Segment Open

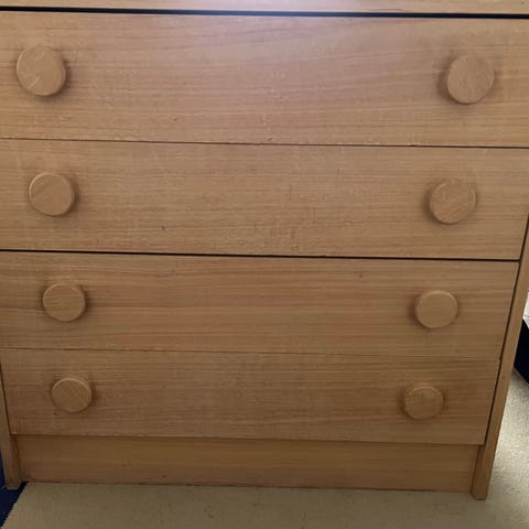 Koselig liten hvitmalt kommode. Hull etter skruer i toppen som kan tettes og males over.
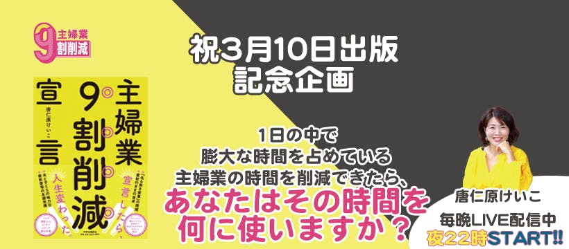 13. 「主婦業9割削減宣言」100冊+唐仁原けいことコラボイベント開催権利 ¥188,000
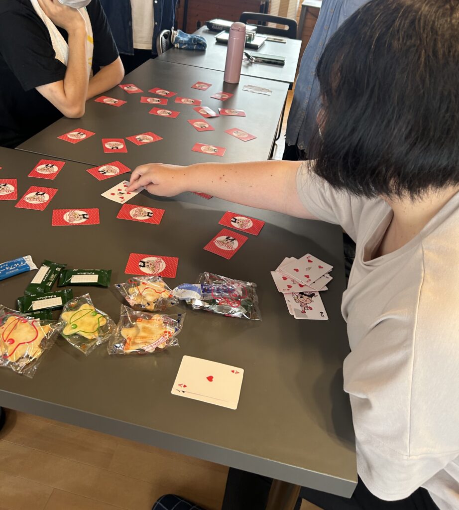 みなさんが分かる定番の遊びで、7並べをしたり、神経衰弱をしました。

Segment Closed

YOUR OBJECTIVE = Your answer must contain the full data, repeated exactly, without pictures.

TASK RESULT =
 Koselig liten hvitmalt kommode. Hull etter skruer i toppen som kan tettes og males over.
 13. 「主婦業9割削減宣言」100冊+唐仁原けいことコラボイベント開催権利 ¥188,000
 みなさんが分かる定番の遊びで、7並べをしたり、神経衰弱をしました。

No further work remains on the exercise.